For a function $f$, it is said to be strongly convex if for all $x,y$
\begin{equation} (\nabla f(x) - \nabla f(y) )^T (x-y) \ge m \|x-y\|_2^2 \end{equation}
for a constant $m \ge 0$
Is it called strongly affine if
\begin{equation} (\nabla f(x) - \nabla f(y) )^T (x-y) = m \|x-y\|_2^2 \text{ ?} \end{equation}
In addition as we know if a function is strongly convex it satisfy
\begin{equation} f(y) \ge f(x) + \nabla f(x)^T (y-x) + \frac{m}{2} \|y-x\|_2^2 \end{equation}
For strongly affine function can I say
\begin{equation} f(y) = f(x) + \nabla f(x)^T (y-x) + \frac{m}{2} \|y-x\|_2^2 \text{ ?} \end{equation}
I never heard about "strongly affine" functions.
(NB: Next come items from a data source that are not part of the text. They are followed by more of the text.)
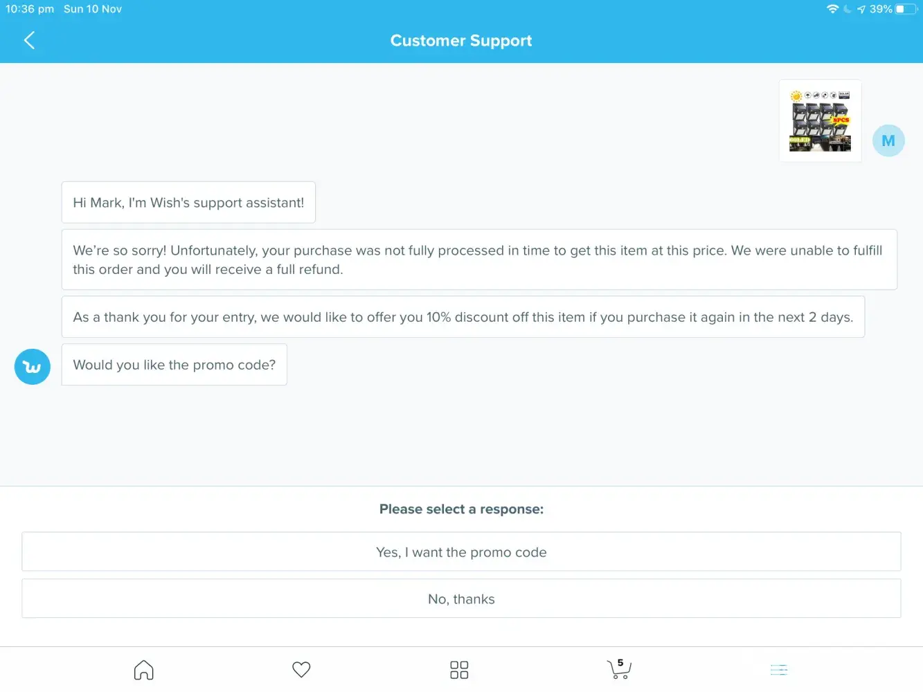 If this is not resolved in the next few days, I will contact the BBB and an attorney and tell everyone how bad the customer support is at Wish.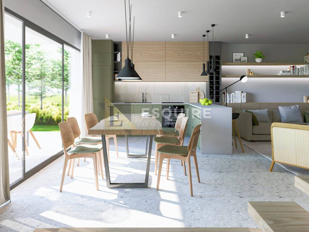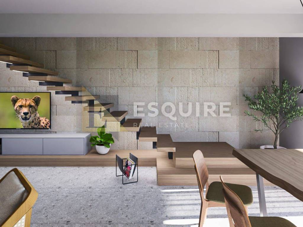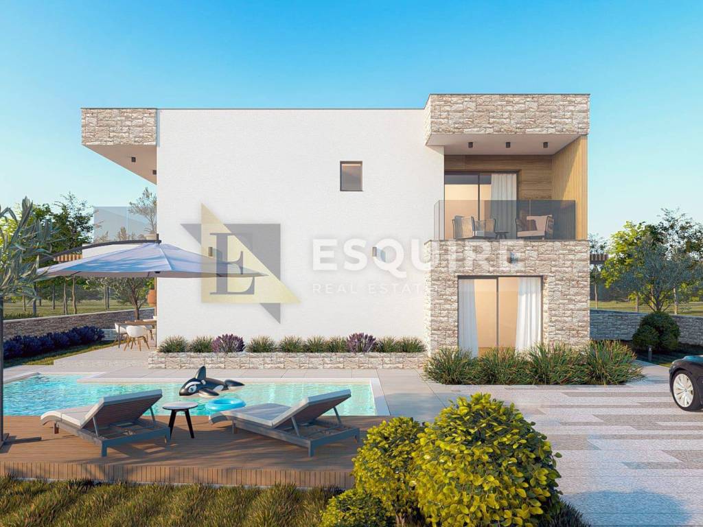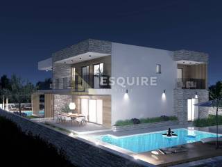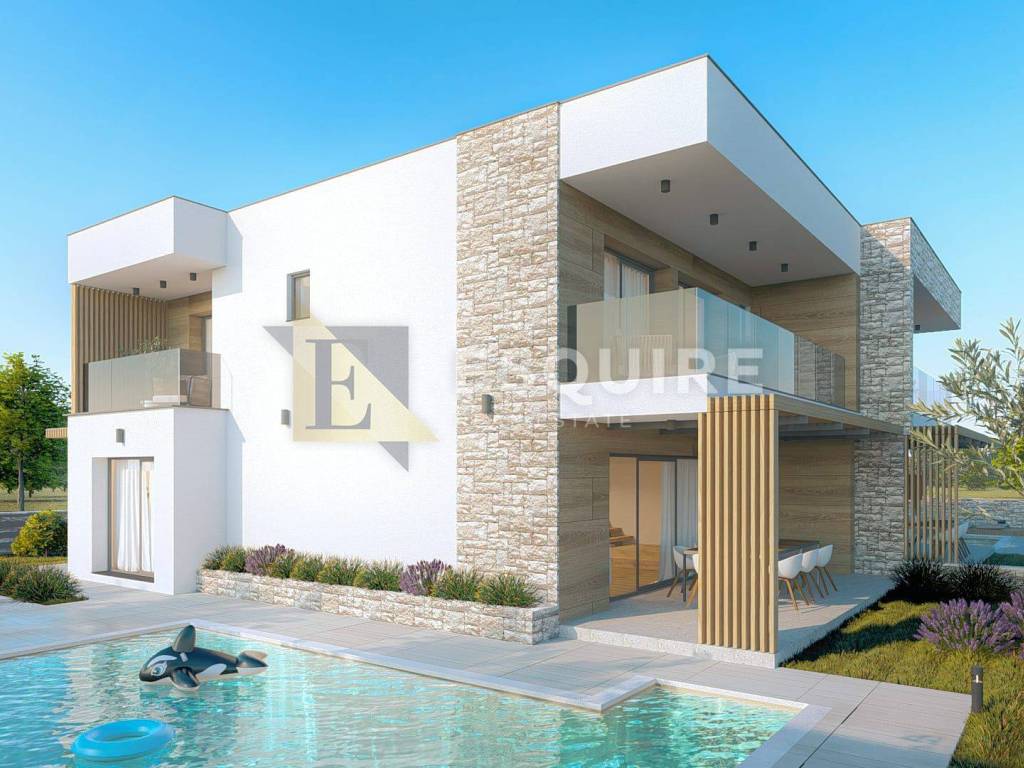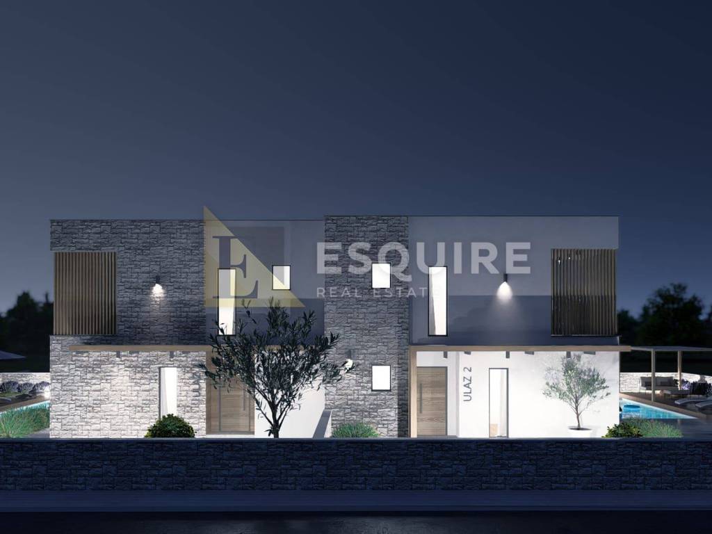 Opis projekta: - Projekt predviđa izgradnju dvije luksuzne stambene jedinice, svaka s vlastitim privatnim vanjskim prostorom i bazenom. - Moderni arhitektonski koncept s ravnim krovom i elegantnom kombinacijom kamena, drva i bijelih fasadnih elemenata - Velike staklene stijene koje omogućuju obilje prirodnog svjetla - Natkrivene terase na katu s pogledom na bazen i dvorište - Prostrane natkrivene vanjske blagovaonice u prizemlju - Dva privatna bazena, svaki okružen uređenim sunčalištem - Drvene decking platforme uz bazene - Prostrane terase za sunčanje, lounge zonu i postavljanje ležaljki - Uređena hortikultura s maslinama, niskim mediteranskim raslinjem i ambientalnom rasvjetom - Mogućnost izdvajanja privatnih dijelova dvorišta za svaku jedinicu
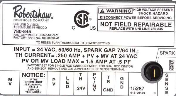 ROBERTSHAW IGNITION CONTROL IGNITION CONTROL SP845 780-845(0)No Reviews yet Part #: 780-845 Brand: ROBERTSHAW $416.63 Quantity discounts available QuantityPrice Quantity -+ Add to Cart Reviews 0 Back Ratings & ReviewsNo reviews availableBe the first to Write a Review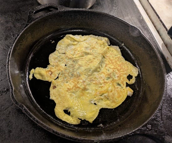 I had been making crepes for Anna and lactovegetarian crepes (milk, flour, flax) for Lily. I would ask Nora what she wanted, and she preferred Anna-style. "Eggy eggy eggy!" I started asking if she would like them more eggy, and she was very enthusiastic. Over time I reduced the non-egg ingredients until it was entirely egg, and she continued to be a fan. It initially surprising to me that Nora wanted to go all the way in this direction, but since sweet omelettes are a thing it probably shouldn't have been.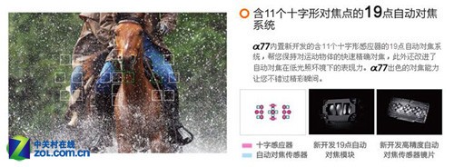 索尼在上一代产品(单电A55以及单反A580等)产品上实现了15点自动对焦。其中,对于对焦灵敏度至关重要的十字形对焦点设计了3个。而索尼这次在A77上设计的规格有了很大的提升,19点对焦系统包括了11个十字对焦点。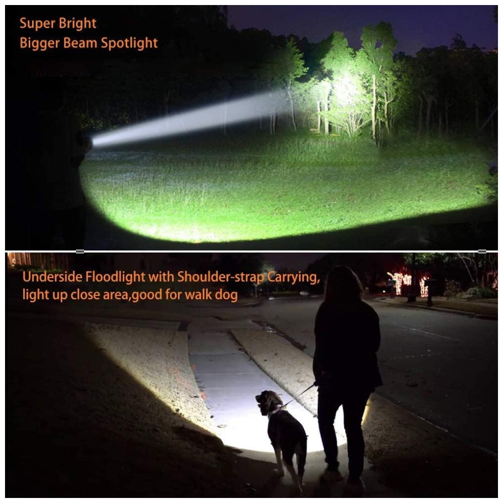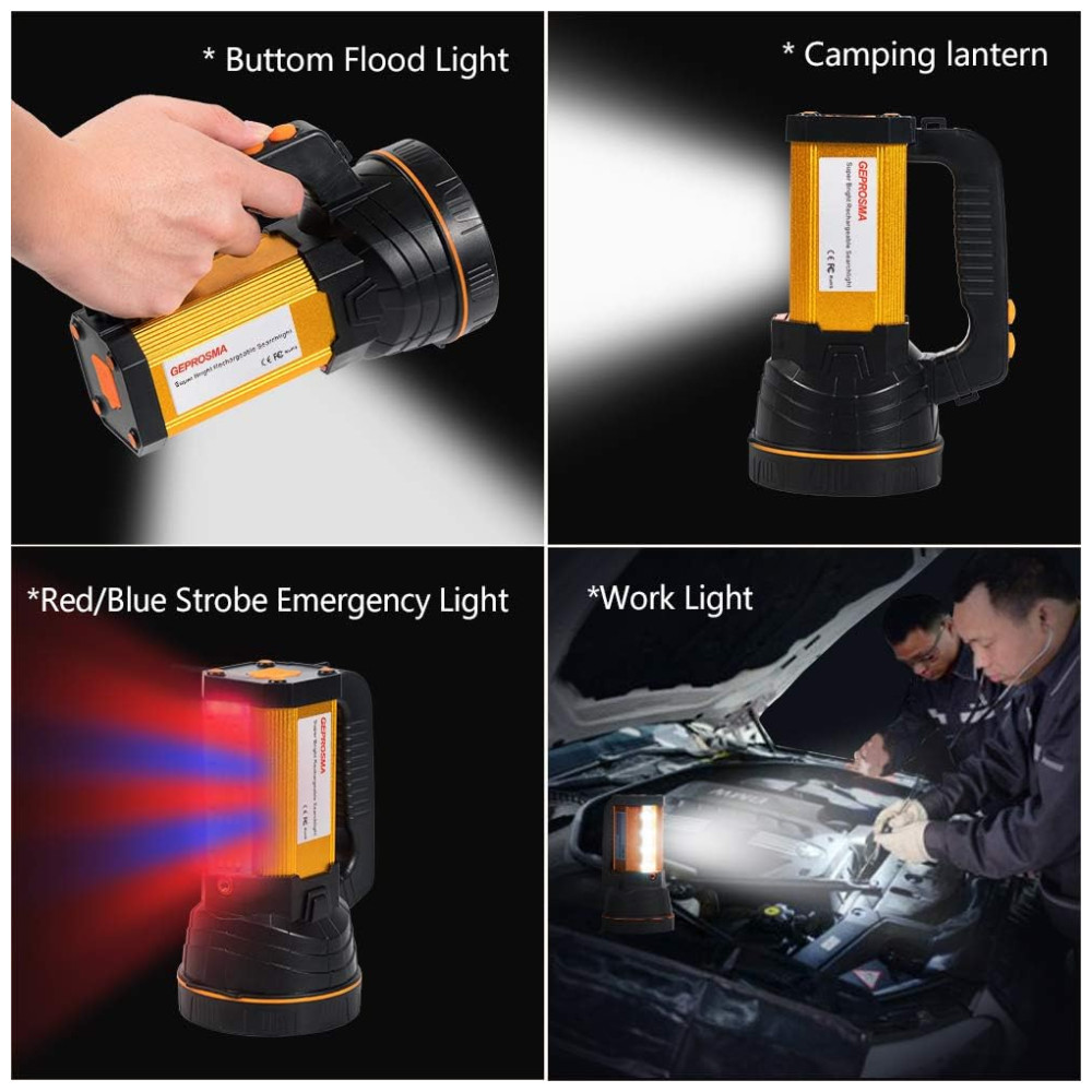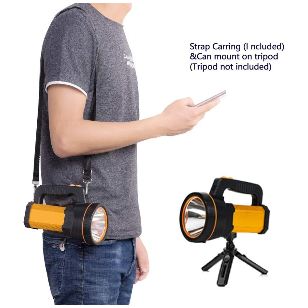 Lanterna Recarregável Brilhante. Mais Funções. Super brilhante lúmens altos lanterna de luz de busca por spot Lanterna lateral de luz de inundação separada Lanterna de luz de inundação lateral separada Recarregável grande bateria alimentada 10000 mah Saída USB para carregar o telefone lidar com o dispositivo portátil carregando alça de ombro pode montar no tripé ou suporte de bicicleta. Lanterna de luz de inundação do lado brilhante separada. Este holofote de lanterna LED também possui luz de inundação lateral extra brilhante, muito brilhante para lâmpada de emergência em casa, luz de trabalho, lanterna de acampamento. Seu modo de luz estroboscópica VERMELHO , AZUL também pode ser como SOS, luz de aviso. Recarregável super brilhante de busca por luz de spot de feixe longo CREE XHP 70.2 recarregável. Refletor de fonte de luz LED de alta potência CREE XHP 70.2 fornece iluminação ultra longa de 800 m, interruptor de modo Brighness High , Low, holofote portátil para barco, marinha, caça, jardim, cachorro ambulante etc. Bateria de lítio 18650 recarregável grande de alta potência incluída. 4 peças 10000 mah e saída USB como banco de potência para carregar o telefone. Proteção múltipla inteligente proteção contra sobrecarga , descarga excessiva pode torná lo ao carregar esta luz de pesquisa portátil. Lanterna de longa duração, alta duração de luz por 10 horas e pouca luz por até 30 horas. Portátil leve apenas 670gr. Maneiras de transporte múltiplo e lanterna à prova dágua IPX6 à prova dágua. Alça superior para facilitar a tomada e desligar. A tocha leve de pesquisa também inclui uma alça de ombro para facilitar o transporte e seu fundo possui um orifício para montagem em tripé ou suporte de bicicleta para liberar as mãos o tripé ou o suporte de bicicleta não estão incluídos no pacote, lanterna IPX6 à prova dágua para barco, marinha, caça, lanterna de acampamento ao ar livre, pesca, reparação de automóveis, pesquisa etc

However (as suggested by @LittleO to show that a "strongly affine" function is not necessarily strongly convex and strongly concave) consider the function $$f(x)= \frac{1}{2}\|x\|_2^2 \quad \Longrightarrow \quad \nabla f(x) = x.$$ Then $$(\nabla f(x)-\nabla f(y))^T(x-y) = \|x-y\|_2^2,$$ but $$\begin{array}{rcl}f(x) + \nabla f(x)^T(y-x) + \frac{1}{2}\|y-x\|_2^2 &=& \frac{1}{2}(\|x\|_2^2-\|x\|_2^2+x^Ty+\|x\|_2^2+\|y\|_2^2-2x^Ty)\\ &=& \frac{1}{2}(\|x\|^2+\|y\|^2-x^Ty) \\ &\neq & \frac{1}{2}\|y\|_2^2.\end{array} $$